In the recent case of Brewin v McVittie (Inspector of Taxes) heard before the Special Commissioners, a self employed financial adviser who had sold the products of Allied Dunbar (AD) attempted to argue that the sum received by her from AD (in fact an AD group company) in return for the benefit of contracts completed by the taxpayer with her clients, including her entitlement to commissions, was a capital sum chargeable to capital gains tax against which she was entitled to retirement relief.
The taxpayer had been a self-employed financial adviser tied to AD. In 1995 she wanted to retire. In February 1995 she agreed to sell the goodwill of business for a sum of £8,000 to another adviser, Y. This sale was not completed until August 1995. The mechanics of the sale were that Y would pay the £8,000 to AD who would then pay this to the taxpayer (disposer) less AD's fee.
So AD was inserted as a 'middleman'. In April 1995 the taxpayer entered into an agreement to continue to manage the business for 12 months or until a subsequent sale by AD, if earlier.

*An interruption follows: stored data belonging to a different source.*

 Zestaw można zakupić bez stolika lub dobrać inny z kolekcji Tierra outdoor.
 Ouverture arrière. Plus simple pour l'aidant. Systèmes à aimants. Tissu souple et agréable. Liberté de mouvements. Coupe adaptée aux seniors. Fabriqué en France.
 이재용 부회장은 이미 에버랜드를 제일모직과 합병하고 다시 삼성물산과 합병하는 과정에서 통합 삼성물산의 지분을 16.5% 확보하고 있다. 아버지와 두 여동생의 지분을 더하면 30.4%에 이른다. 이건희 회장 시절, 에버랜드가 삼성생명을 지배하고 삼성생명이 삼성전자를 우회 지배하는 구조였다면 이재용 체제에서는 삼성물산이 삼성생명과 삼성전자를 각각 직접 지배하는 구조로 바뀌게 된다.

At the same time the taxpayer agreed to sell to AD the benefit of contracts concluded with her clients and her entitlement to commission from these contracts.
The price was £33,415.50 payable immediately and £11,138.50 payable 12 months later.

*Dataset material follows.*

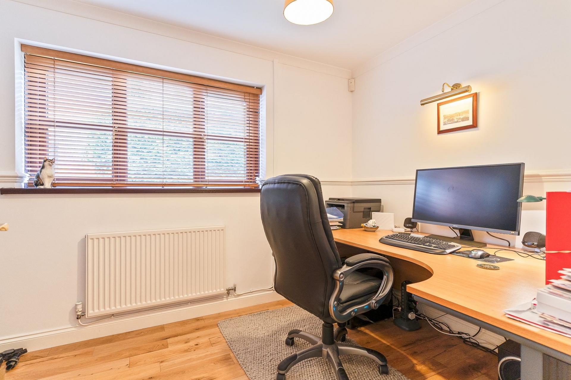 Beautifully presented throughout, on the ground floor we have a spacious living room to the front of the property that folds into the dining room, making this an optional open plan area with double doors separating the rooms. From the dining room, double doors open to the garden, creating a fantastic entertaining space. The kitchen can also be found at the rear overlooking the garden, with a spacious utility, offering side access. From the hallway, there is a superb study, perfect for those working from home and a convenient downstairs cloakroom. The driveway allows ample parking along with the large garage.
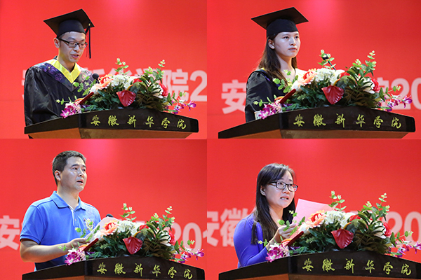 校長石秀和教授在會(huì)上深情致辭。他代表學(xué)校全體師生員工向圓滿完成大學(xué)四年學(xué)業(yè),即將踏上全新征途的2015屆畢業(yè)生們表示衷心的祝賀。他說,大學(xué)是人生中最關(guān)鍵的旅程,2015屆畢業(yè)生四年來在這里成人、成長、成才,是學(xué)校的驕傲;未來,母校將圍繞建設(shè)地方應(yīng)用型高水平大學(xué)的目標(biāo),全面深化教育教學(xué)改革,不斷提高人才質(zhì)量,為社會(huì)的發(fā)展提供更有利的人才支撐,母校更將成為學(xué)生的驕傲!石秀和希望畢業(yè)生們?cè)谶@個(gè)全球化浪潮洶涌而來,各種思潮相互碰觸的變革年代,能夠與時(shí)俱進(jìn),緊緊跟上時(shí)代的潮流,勇敢克服生活的困境以外,更能夠堅(jiān)守自我,做一個(gè)新時(shí)代背景下大寫的人,做一個(gè)對(duì)中華文明的傳承與進(jìn)步起到推動(dòng)作用的新青年。希望畢業(yè)生們要珍惜青春,努力奮斗,孜孜不倦學(xué)習(xí),勤勉奮發(fā)干事,用有限的青春去創(chuàng)造無限的可能,用實(shí)際行動(dòng)架起理想與現(xiàn)實(shí)之間的橋梁;要不斷創(chuàng)新,爭當(dāng)創(chuàng)客,不斷打破思維的慣性,讓創(chuàng)新融入畢業(yè)生們的血液,用創(chuàng)意改變世界的未來;要敢于負(fù)責(zé),勇于擔(dān)當(dāng),畢業(yè)生們只有承擔(dān)起自己應(yīng)當(dāng)承擔(dān)的社會(huì)責(zé)任、職業(yè)責(zé)任、家庭責(zé)任,才能實(shí)現(xiàn)自身良好生存與自由發(fā)展,才能收獲成功的事業(yè)與美滿的家庭,才能在未來的發(fā)展道路上健步如飛,走的更快、更好、更遠(yuǎn);要愛崗敬業(yè),甘于奉獻(xiàn),始終保持昂揚(yáng)向上的工作激情,勇于挑起重?fù)?dān),敢于奮勇爭先,廉潔奉公,吃苦耐勞,在勞動(dòng)中發(fā)現(xiàn)廣闊的天地,在勞動(dòng)中體現(xiàn)價(jià)值、展現(xiàn)風(fēng)采、感受快樂,以實(shí)際行動(dòng)服務(wù)社會(huì),報(bào)效國家。最后,石秀和衷心祝愿每一位畢業(yè)生都能夠前程似錦,幸福平安,希望同學(xué)們常回家看看,一如既往地關(guān)注母校,關(guān)心校友。新華,永遠(yuǎn)是同學(xué)們停泊的港灣,是同學(xué)們堅(jiān)強(qiáng)的后盾和前進(jìn)的動(dòng)力!

In the period between the sale to AD and AD's subsequent sale to Y the taxpayer (acting as agent) sold only one policy. The taxpayer claimed that she ceased business when it was sold to AD in April 1995, and that the work she did until August, when the business was transferred to Y, was as an agent for AD.

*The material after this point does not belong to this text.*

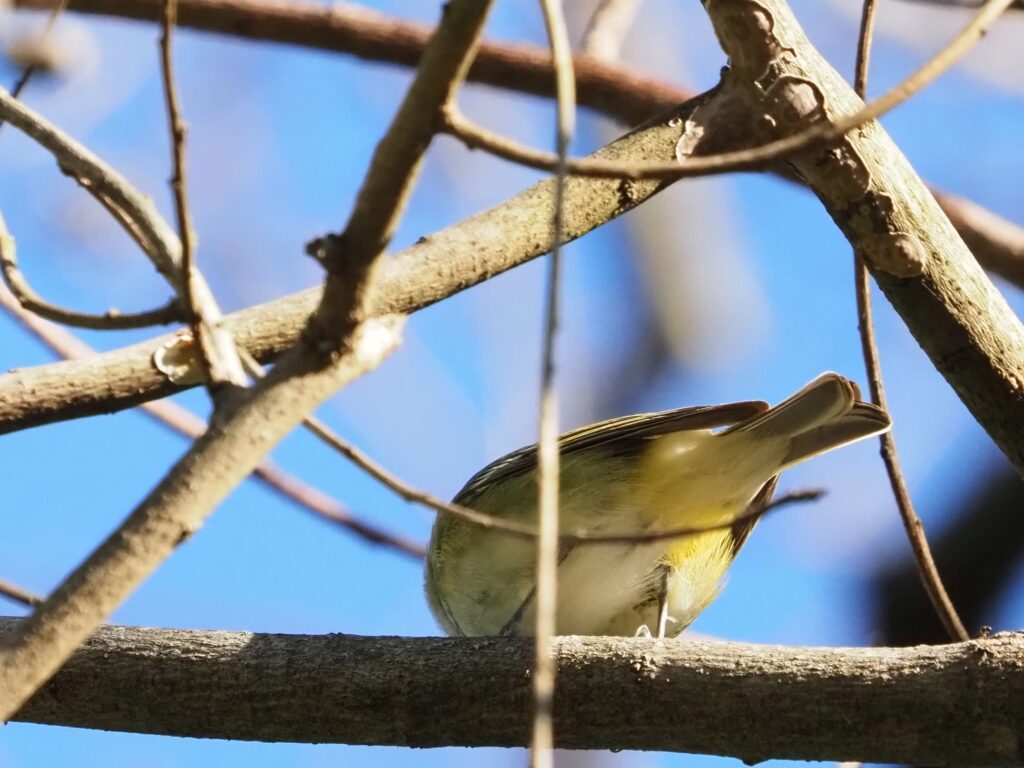 Here’s one i know u wont have trouble with. but for those of you up to the challenge, i’d like u to detail the differences between this bird seen at mills pond this morning, and others of the “solitary Vireo complex”. (actually I think this is 2 individuals, same species).

In April, when the business was transferred to AD, AD paid £8,000 (the price for the goodwill agreed between the taxpayer and Y) plus a sum in excess of £40,000 that represented commissions earned by the taxpayer. It was the taxpayers position that the total of these sums represented the capital value of the business, as the right to receive the commissions she had earned had been sold to AD.
In August 1995 AD then sold the business to Y for £8,000 as originally intended.
The commissioners did not accept that the taxpayer had ceased trading before the transfer of the business to Y. Even though the £8,000 paid by AD to the taxpayer, and later by Y to AD was not in dispute, i.e. it was accepted that this was a capital sum, the commissioners did not accept that there had been a transfer of the business to AD in April 1995.
The commissioners agreed with the Revenue that using the Ramsey principles (i.e. substance over form) there was in fact only one transaction i.e. that between the taxpayer and Y.
The consideration that the taxpayer received (indirectly) from Y was only £8,000, as the right to receive commissions earned by the taxpayer had not been transferred to Y. The insertion of AD as a "middleman" had no commercial purpose from the taxpayers perspective other than to avoid tax. AD's purpose in operating the scheme was not seen as relevant to the arguments of the taxpayer.
Therefore the sums representing the sale of commissions paid by AD after the "supposed" April transfer were deemed to be income subject to income tax.
It is assumed that this arrangement fell under what is generally known in the financial services as a "practice buy-out" arrangement. One would not be surprised if, to the uninitiated, the facts of this case look somewhat convoluted and the scheme more than a little fatuous. It is not known whether this scheme was typical of others operated by AD and other companies. Regardless of this all of those operating practice buy-out arrangements should, as a result of this case, consider the tax implications.
Of course, it must not be forgotten that this case is nevertheless a commissioner's decision only.